Should I Make Purchases on My Balance Transfer Card?
It’s best to avoid making purchases with your new balance transfer credit card, at least during the introductory 0% APR period. Purchases will start accumulating interest at the regular rate right away.
Keep your old credit card open for new purchases if needed. This way, you can dedicate the full balance transfer card payment toward existing debt until it’s paid off.
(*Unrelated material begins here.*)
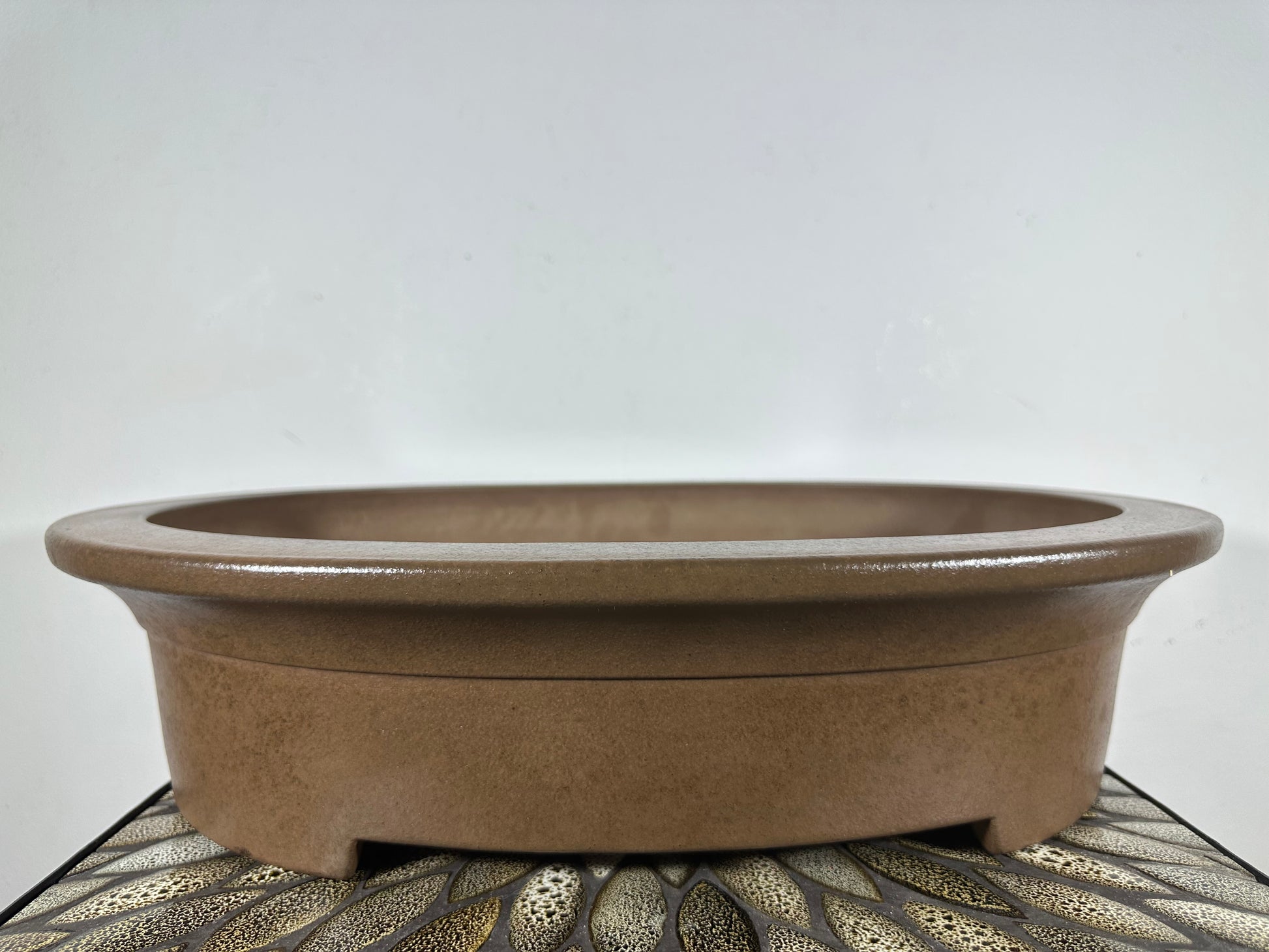 Preowned Japanese Tokoname Unglazed Oval Bonsai Pot Keizan - 19.5” By 15.5”
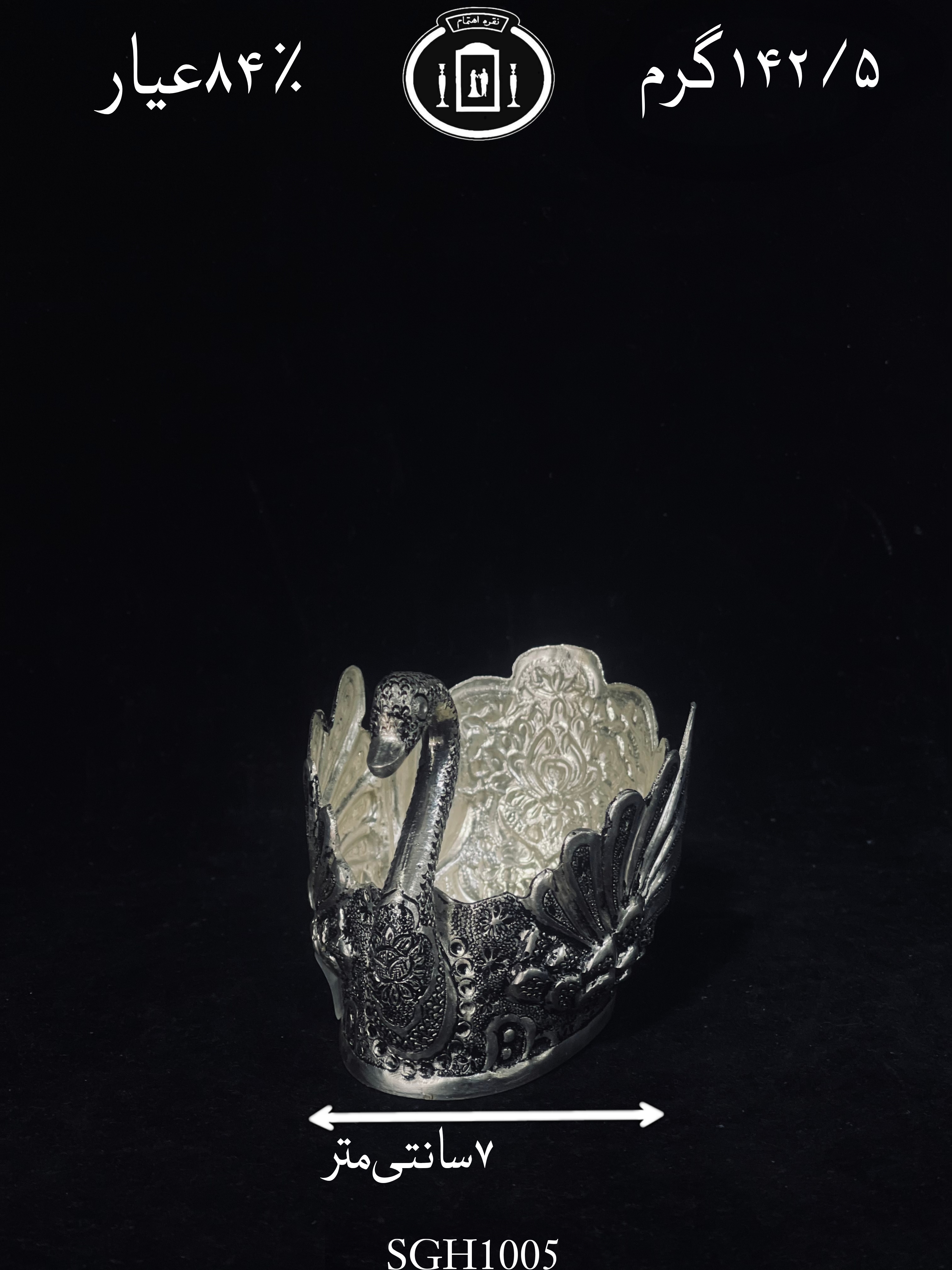 قو نقره قلم: گل و مرغ سیاه قلم ممتاز عیار : ۸۴ استاندارد ایران

Once you’ve paid the transferred balances in full before the expiry, you can consider using the card for purchases responsibly. But the card’s main purpose is as a temporary debt consolidation tool.
How Can I Avoid Paying Deferred Interest?
Some balance transfer offers come with deferred interest – where interest accrues from day one but is only charged if balances remain after the 0% period. Avoid deferred interest traps with these tips:
- Review terms carefully to understand interest policies.
- Make a plan to pay off the entire transferred amount within the intro period.
- Try not to use the card for purchases to avoid adding to balances.
- Pay at least the monthly minimum payment by the due date.
- Set up autopay from your bank account to avoid lapses.
- Contact the issuer if you anticipate missing payments to discuss options.
As long as you pay off the balance transfer amount in full within the 0% intro timeframe, you can avoid deferred interest fees.
Conclusion
In summary, balance transfer cards offer a powerful tool for saving substantially on interest while eliminating credit card debt. Yet they require diligence, discipline, and commitment to maximize the benefits without getting caught in continued cycles of overspending. Approach balance transfers strategically, not as an easy fix. But when used correctly, they can put you back on solid financial footing.